Rango is a hamlet with just 12 residents.  This is why a trip to Rango, nestling on the slopes of the Bleggio plain, is like visiting relatives who you haven’t seen for a long time.

After just a few minutes, you already know everyone and it feels like being at home. A warm, welcoming home that you never want to leave. Rango, one of Italy’s most beautiful villages, has that effect on you. A little cluster of houses, huddled together, embellished with large entrances, little passages and wooden racks which, in autumn, are filled with cobs of corn.

Rural life in the Comano Valley

Everywhere you look there are stories of farming life, when the day began at sunrise with the ringing of the church bells. In winter, the men would leave the village to work as knife sharpeners in the big cities on the plains.

They would leave in autumn, just after the harvest, and return in spring to begin working in the fields. The women, on the other hand, would stay at home to look after the children the animals. Life was tough. You get an idea of this with the two huge works of art made on walls from hundreds of pieces of wood. One describes the work of a knife sharpener, with the machine used to grind knives.

The other shows a woman collecting water from the fountain in copper pails. Your find them as you wander through the maze of alleyways which weave their way around the houses made from wood and stone and connected by porticoes. These are vaulted spaces where pilgrims would shelter, as well as merchants and shepherds with their flocks in search of food and which now, in winter, are home to the traditional Christmas market.  Rango, Borghi più Belli d'Italia

It was said that wayfarers could cross the village under the porticoes without ever going outside.

Every portico has a name. There is the ‘Portech de la Flor’ which greets you at the top of the big flight of steps as you enter the village. There is the Portech del Diaol where, the story goes, there lived a young girl who was possessed by the devil. 

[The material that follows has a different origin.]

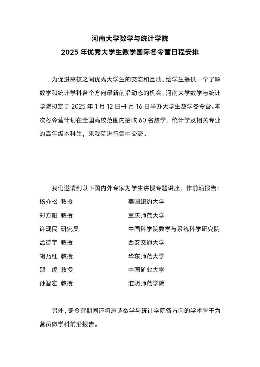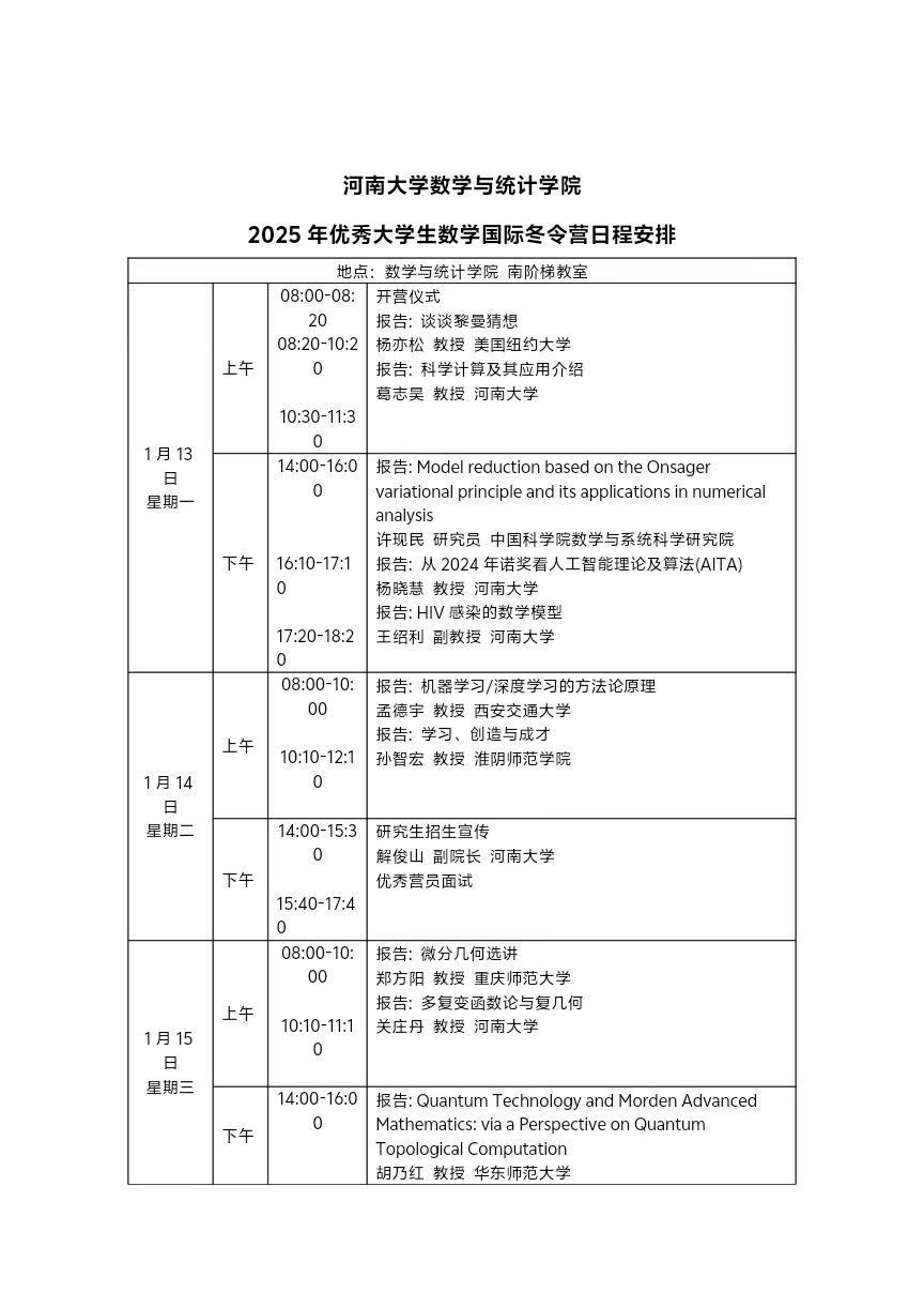 av麻豆 2025年优秀大学生数学国际冬令营日程安排

The Portech dei Carloni leads straight to the main square, with its large, rectangular, granite fountain. It was once a drinking fountain for animals on their way to the pastures but these days it has become a meeting point where people stop and chat.  

The Museum of School

Rango also boasts a small museum of school which features teaching materials and school objects from the first half of the 19th century. Your guide there is Tomaso. It will be like going back in time, even though in Rango time seems to stand still.